======== RECORDED INFORMATION ========
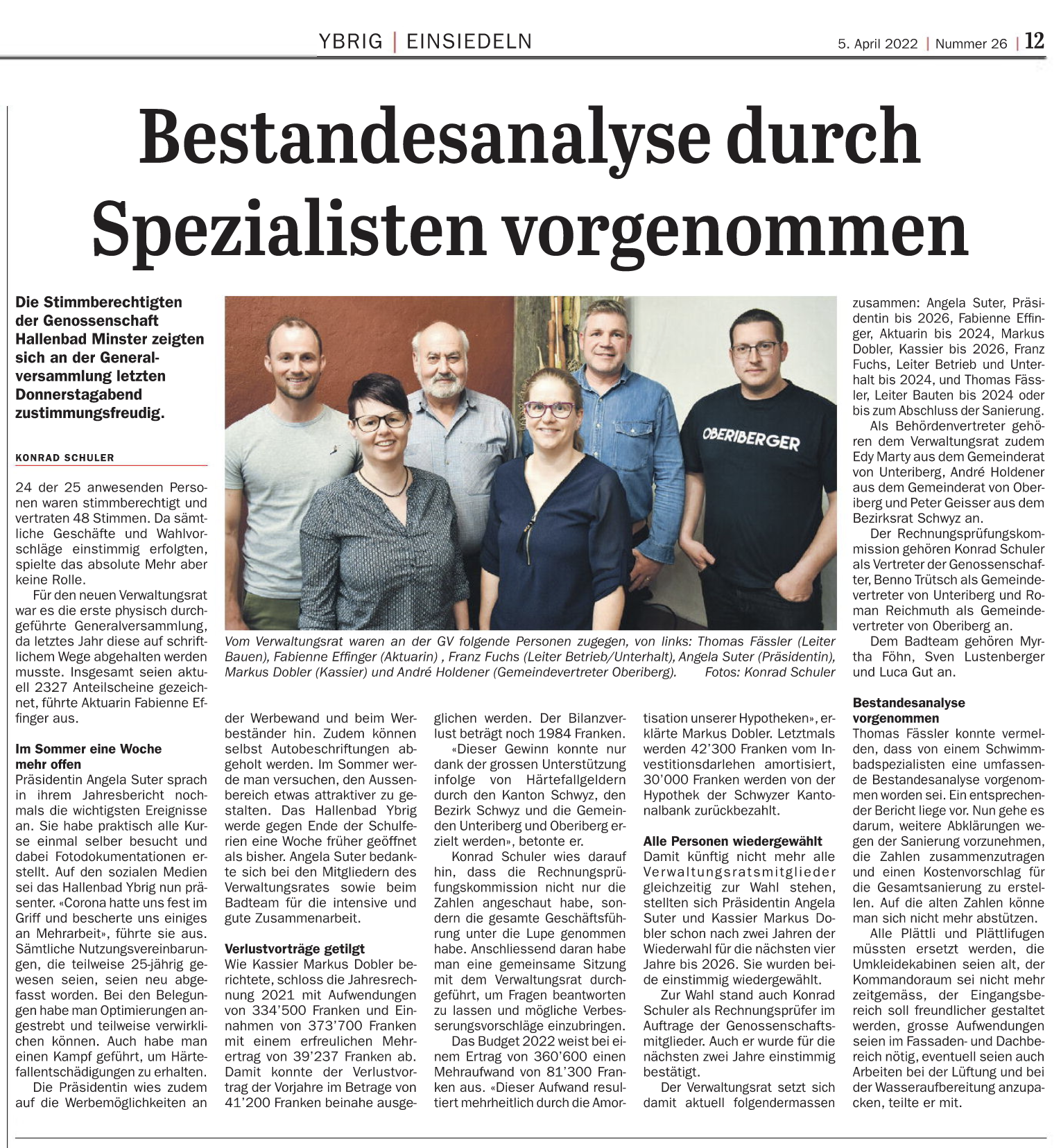 Im Bote und im Einsiedler Anzeiger gabs einen schönen Rückblick auf 50 Jahre Hallenbad und einen Ausblick in die Zukunft.
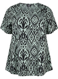 Kortärmad blus med rund halsringning. Blusen har en löst sittande a-linjeform med ett fint tryck.
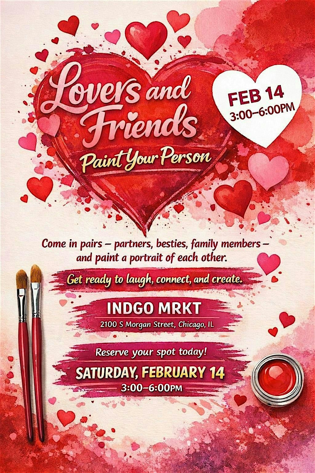 This is an evening for lovers and friends. Make it a date night, girls' night, or family gathering. Paint portraits of one another for some fun laughs. Email a photo for a pre-sketched canvas for an additional charge.
========
• [ASSIGNED TASK] Everything in the material goes into the copy exactly, except the images.

• [WRITTEN RESPONSE]
 Im Bote und im Einsiedler Anzeiger gabs einen schönen Rückblick auf 50 Jahre Hallenbad und einen Ausblick in die Zukunft.
 Kortärmad blus med rund halsringning. Blusen har en löst sittande a-linjeform med ett fint tryck.
 This is an evening for lovers and friends. Make it a date night, girls' night, or family gathering. Paint portraits of one another for some fun laughs. Email a photo for a pre-sketched canvas for an additional charge.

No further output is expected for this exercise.